Three times throughout the trial, Asa is detained and eventually banned from the courtroom because of his outbursts when he finds out the other two men who raped me were in fact, the ones who helped him carry me to the car after he found me. I didn’t know them up until the trial, but when I see Greg, and the tattoo on his hand, that’s when I knew where the memory came from.

For a while I thought maybe it had been Xander, but it wasn’t. He willingly took a DNA test. I never knew Xander to be that kind of guy. He could be a douche, but a rapist? Truth is, I don’t think there is any single trait to define a rapist. I certainly never thought Roman would be one.

And then comes the verdict because that’s the part that matters, right? That’s the part of all this when you find out who is guilty, and who is simply a victim of circumstance.

Six months from the day I stepped foot in the Olympia Police Department, a jury finds Roman Winslow guilty of aggravated sexual assault and sentences him to three years in jail. He’s required to register as a sex offender for life. He’s suspended from UW and had his scholarship revoked. His football career is over.

But it’s not enough.

Nothing is enough when I look the judge in the face at the sentencing where he overrules the jury and he says the words, “Low-risk to re-offend,” and gives him one year in county jail and three years of probation.

Probation. That’s like fucking detention. Asa loses his shit on the judge, nearly costs him his own scholarship and career, but if you ask me, it’s justified for us to feel this way. Toby and Greg, they receive a maximum sentence of five years. They, in many ways, take the fall for Roman.

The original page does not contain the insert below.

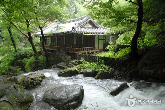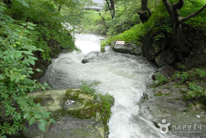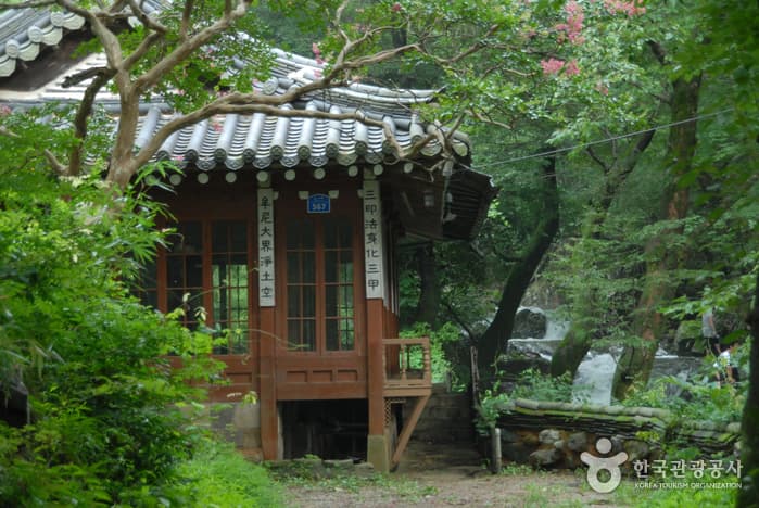 In spring, cherry blossoms bloom along the path to Donghaksa Temple, and during summer the lush green of the valley is very beautiful. During fall, the maple trees reveal their crimson colored leaves around Gapsa Temple and Yongmunpokpo Falls. The snowcapped peak of Sambulbong in winter is simply breathtaking. Gyeryongsan is full of rare animals and plants, beautiful waterfalls and a rich history with mysterious legends and cultural treasures. To the east is Donghaksa Temple; northwest, Gapsa Temple; southwest, Sinwonsa Temple; and southeast, Yonghwasa Temple.

Even after all that, the pain, the reminders, the anxiety and the depression that follows, it’s unbearable. Though I don’t know how, I manage to continue on. I keep pushing forward. I go to therapy, and I go again, and the next day, and the day after that. I talk to Joey. I talk to Cadence—who testifies against Roman. I talk to Remy—who also testifies against him. I talk to two other cheerleaders who came forward that they, in fact, don’t remember, but think something might have happened in Roman and Codey’s dorm room. None of that matters because in this case, the justice system failed me. They failed us. They failed women all over the world because regardless of being guilty, justice doesn’t always follow.

And finally, I talk to my boyfriend. I let Asa hold me at night. I confide in him and let him help me through it all. I don’t turn away from him and I keep moving forward. It’s not easy. There are still days when it’s too much. Days when I think I can’t take this any longer. I also have days when the nightmares are so bad I can’t sleep. Before they had no face, and now that they do, it’s terrifying.

I keep going because if I don’t, me, Waylon, Joey… our voices mean nothing. I keep going because they might have broken a piece of me, but my attackers, they don’t get to decide how I live my life regardless of the decision. I’m taking back my power. I’m rewriting my own story.

There comes a day when you have to decide. Are you going to turn the page or close the book?

I’m going to the next chapter.

THE NIGHT AFTERthe trial ends with the verdict shocks us all, Asa and I lay together in bed, in our home we’ve been sharing for the last six months. We try to make sense of what it means.

“What happens now?” I ask him, my head on his chest as I listen to his breathing, my eyes on the mason jars lining our headboard. Each one displays a quote he’s put inside to remind me that I can and will get past this. My favorite one?

Asa turns his head, his breathing light, his words whispered like a feather touching my skin. “We move forward.”

In the last six months, I didn’t think we could ever get past this, especially with the rage and aggression Asa showed through the entire process. “How?”

“I don’t know.” He sighs, his chest expanding with his breath. His hand moves to my cheek. I twist my head slightly and look up at him. “I love you.”

“I don’t know how you do.” It hurts to say that, but it’s the truth. I’ve put him through hell. Asa would have been better off to let me go that night and went on with his life without me. I’m thankful he didn’t, but it will never stop those feelings.